The parser automatically handles:
- **RDW (Record Descriptor Word)** - Variable-length record headers
- **EBCDIC to ASCII** conversion (code page 500)
- **Big-endian binary** unpacking
- **Subtype detection** at offset 21

In [None]:
# Initialize the binary parser
parser = SMFBinaryParser(dump_file)

# Parse all records from the dump
print("Parsing SMF 30 binary dump...")
records_by_subtype = parser.parse_dump_file()

# Display summary
print("\n" + "="*60)
print("PARSING SUMMARY")
print("="*60)
total_records = sum(len(records) for records in records_by_subtype.values())
print(f"Total records parsed: {total_records}")
print("\nRecords by Subtype:")
for subtype, records in sorted(records_by_subtype.items()):
    if records:
        print(f"  Subtype {subtype}: {len(records):4d} records")
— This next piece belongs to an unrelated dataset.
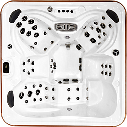 Для изделия таких размеров, в гидромассажном СПА-бассейне Ловиа Спа ZR7103 установлено довольно много форсунок - 32 штуки. Через них вода и воздух направленно воздействуют на тело, производя желаемый гидромассажный эффект. Каждый пользователь может индивидуально регулировать силу потока.

## 4. Convert to Pandas DataFrames

Create DataFrames for each subtype for easier analysis.

In [None]:
# Convert parsed records to DataFrames
dataframes = {}

for subtype, records in records_by_subtype.items():
    if records:
        # Convert to dictionaries
        data = [record.to_dict() for record in records]
        df = pd.DataFrame(data)
        dataframes[subtype] = df
        print(f"Subtype {subtype}: {len(df)} rows, {len(df.columns)} columns")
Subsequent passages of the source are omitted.